ASSIGNMENT :: Your answer must be the lines from the one containing "Упаковочная бумага на" through the last line below, copied exactly, with no pictures.

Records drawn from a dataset
* * * *

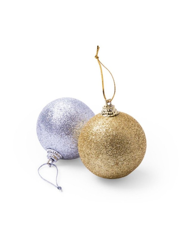 Set di 6 palline di Natale da appendere in una gamma di colori metallizzati brillanti. Presentate in un sacchetto individuale con striscia bianca per la personalizzazione e palline in colori assortiti. - Lunghezza: 10 cm - Larghezza: 5 cm - Peso: 15 gr
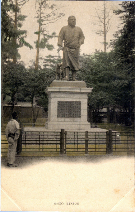 “A statue of Saigo was, nonetheless, commissioned in 1893 by the Meiji government and cast in bronze for this populist figure in modern Japanese history. However, the government chose to clothe him as a commoner, not as a military figure, a decision that irked his wife and family to no end.”
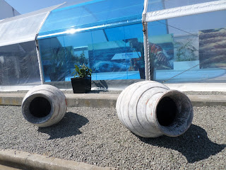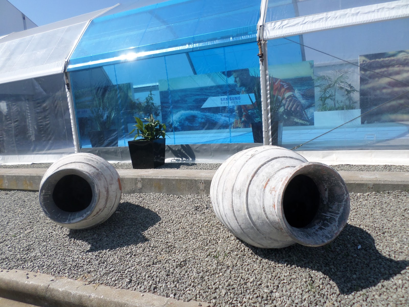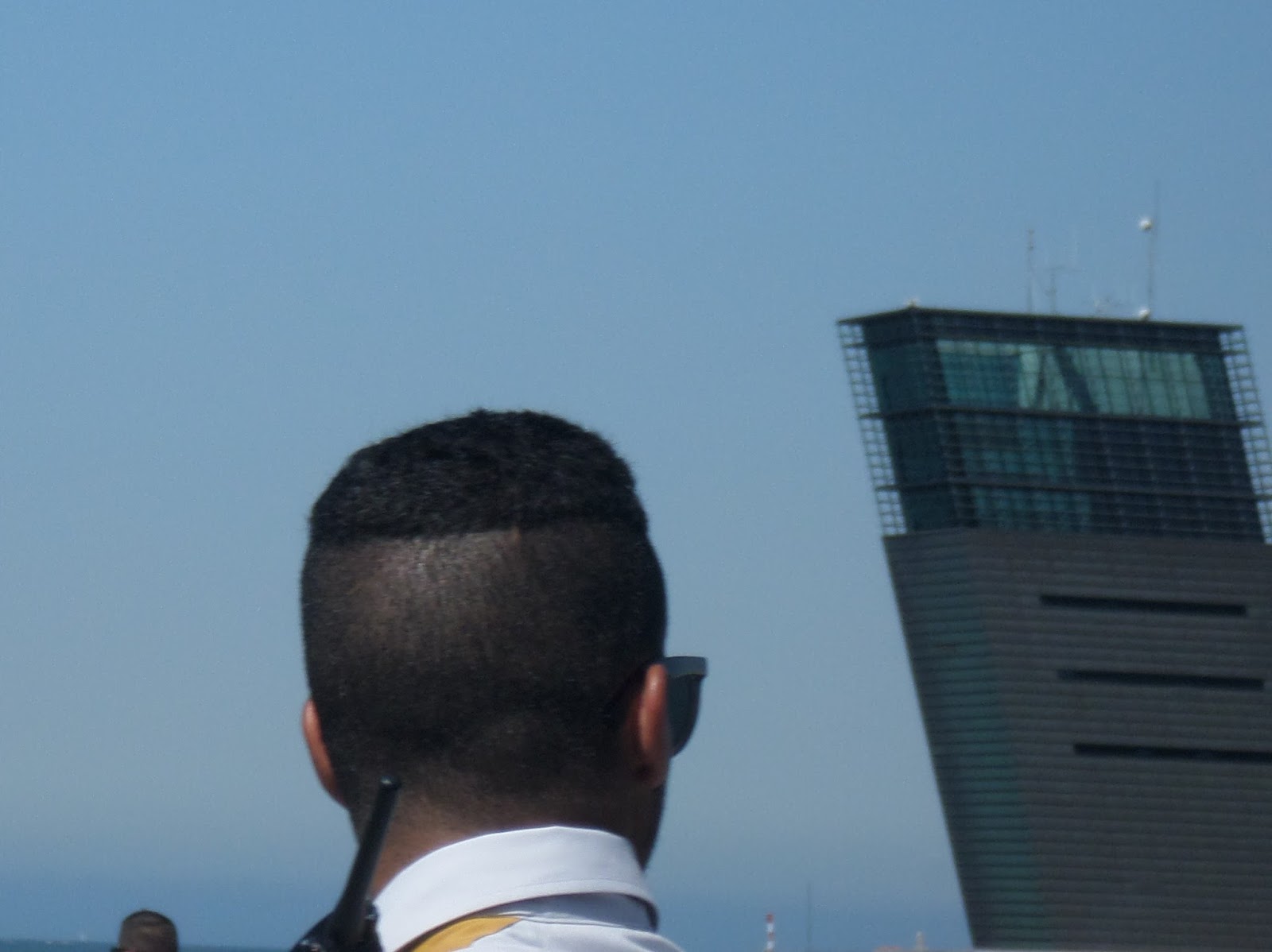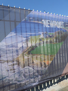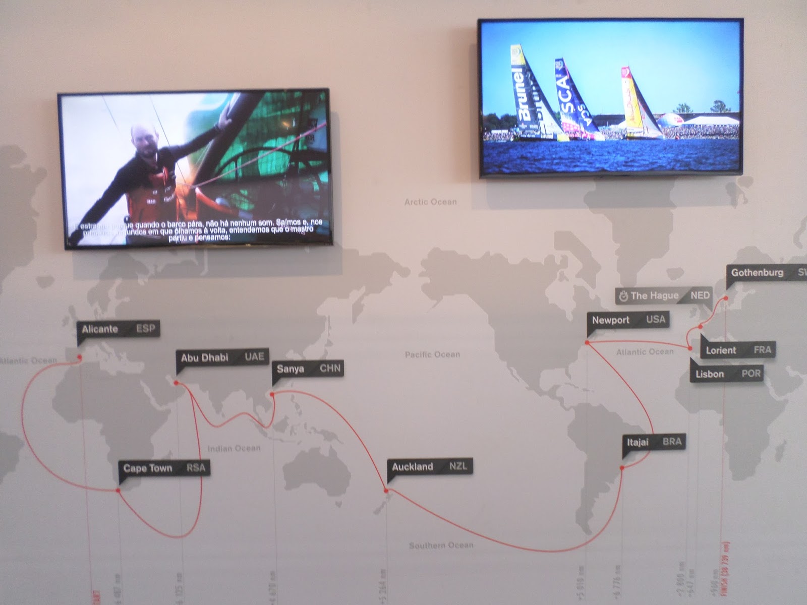 De comboio até Algés. Depois de um descampado as redes de proteção do evento a norte, com paisagens das várias paragens pelo Mundo.
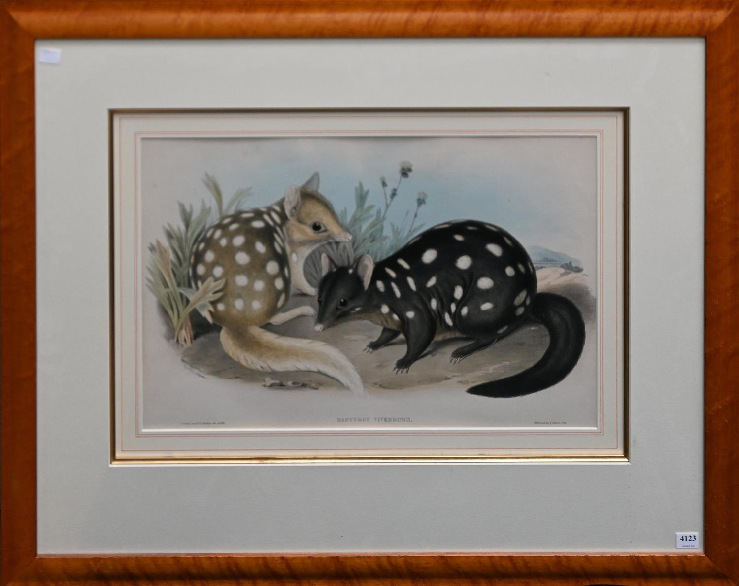 JOHN GOULD, DASYURUS VIVERRINUS, HAND COLOURED LITHOGRAPH, 35 X 52CM, FRAME SIZE: 68 X 85CM
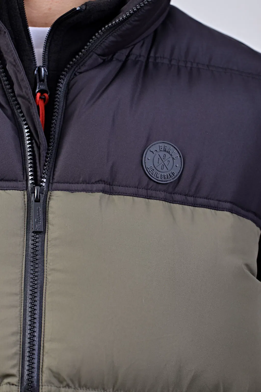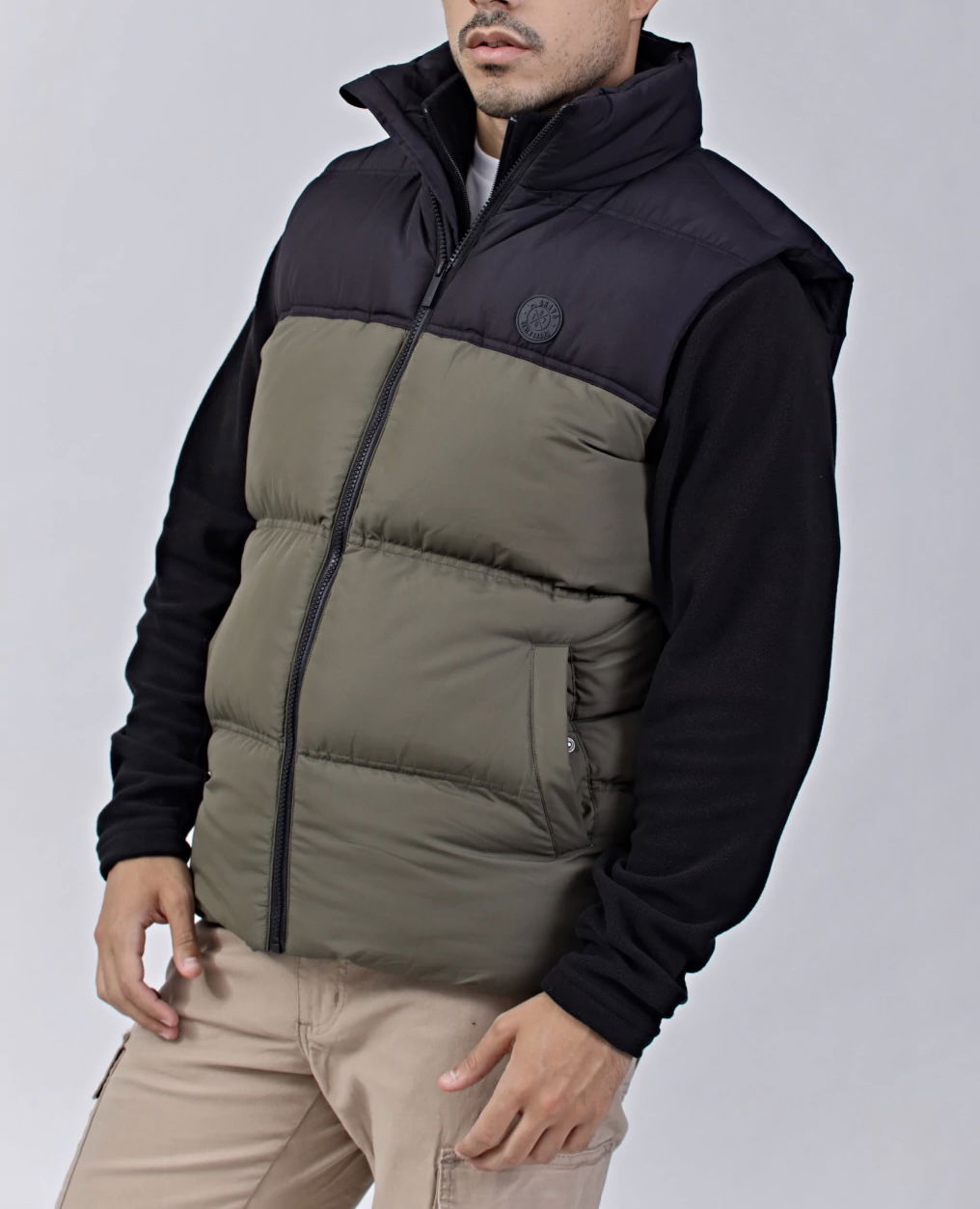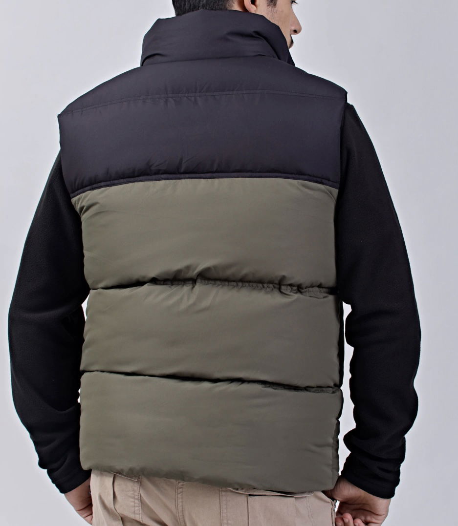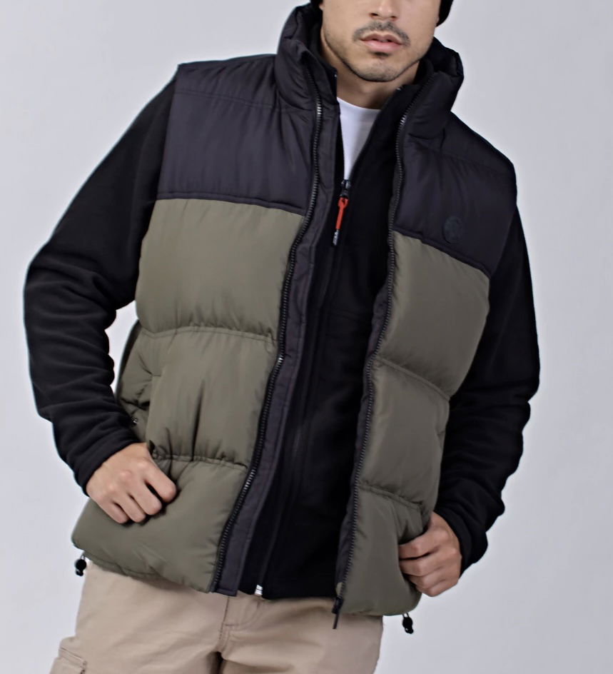 Chaleco combinado en verde y negro de nylon con canelones
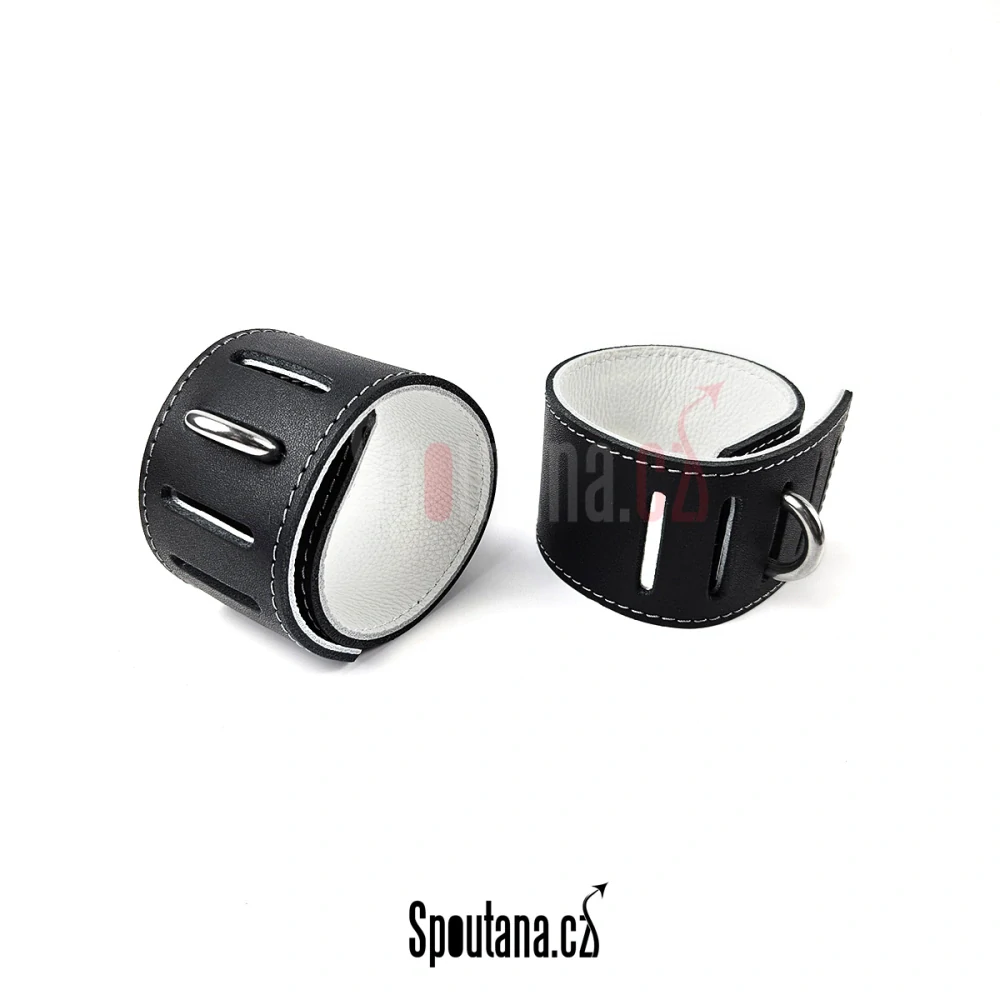 Vrchní masivní černá kůže s kontrastním bílým prošitím v kombinaci s vnitřním podšitím z bílé měkčí kůže jim dodává stylový vzhled, který přidává na autenticitě vašich BDSM her.
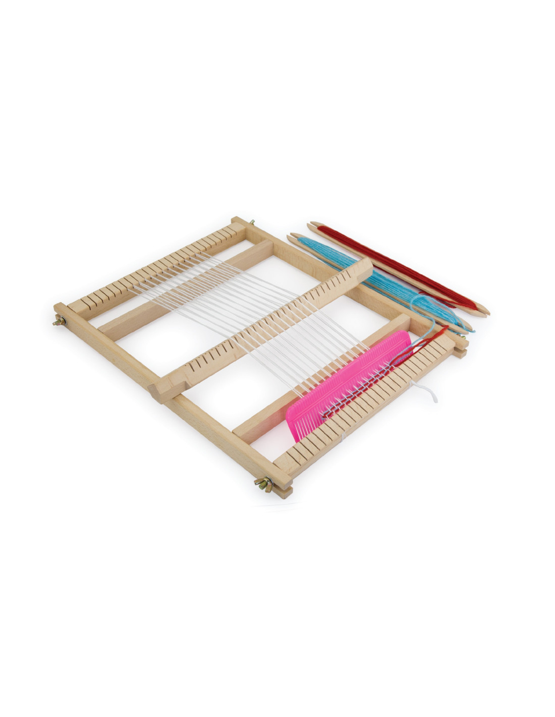 Twórcza zabawa z krosnem tkackim gwarantuje ciekawe zajęcie, w którym każdy maluch może stworzyć swój własny warsztat tkacki.
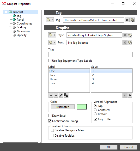 The list of possible values, and the label that is associated with each value. Values may be text or numeric. If numeric, there is no requirement that values must be consecutive. (Values of 10, 20, 30 are as valid as 1, 2, 3.) Scaling in your output tag will limit the range of possible values.
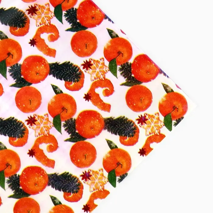 Упаковочная бумага на новый год тишью «Мандарины», 50 х 66 см
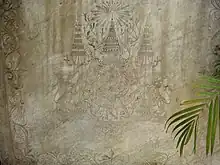 | Écu | D'azur à deux rameaux d'olivier agrafés de l'ordre royal du Cambodge et contenant deux coupes d'or, superposées l'une sur l'autre ; sur la plus haute, une épée d'or surmontée par la version cambodgienne du symbole Om̐. |
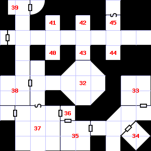 | 34 | There is a slimy coating on the wall here. Trap: Pendulum blade from ceiling: 1d8 points of damage. | 35 | A metallic smell assails your nostrils. Fog gathers and swirls on the floor, concealing it. There are cracks in the ceiling here. Treasure: 100sp, 60gp. | 36 | The air here is very hot. There are cracks in the wall here. Encounter: Green Slimes (3) Treasure: None. |
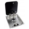 Hob with lid gas with manual ignition, made of mirror-polished stainless steel, with glass lid. Built-in installation. With safety thermocouple. With hole for pot holder. CE certified.

* * * *

EXERCISE SOLUTION ::
 Упаковочная бумага на новый год тишью «Мандарины», 50 х 66 см
 | Écu | D'azur à deux rameaux d'olivier agrafés de l'ordre royal du Cambodge et contenant deux coupes d'or, superposées l'une sur l'autre ; sur la plus haute, une épée d'or surmontée par la version cambodgienne du symbole Om̐. |
 | 34 | There is a slimy coating on the wall here. Trap: Pendulum blade from ceiling: 1d8 points of damage. | 35 | A metallic smell assails your nostrils. Fog gathers and swirls on the floor, concealing it. There are cracks in the ceiling here. Treasure: 100sp, 60gp. | 36 | The air here is very hot. There are cracks in the wall here. Encounter: Green Slimes (3) Treasure: None. |
 Hob with lid gas with manual ignition, made of mirror-polished stainless steel, with glass lid. Built-in installation. With safety thermocouple. With hole for pot holder. CE certified.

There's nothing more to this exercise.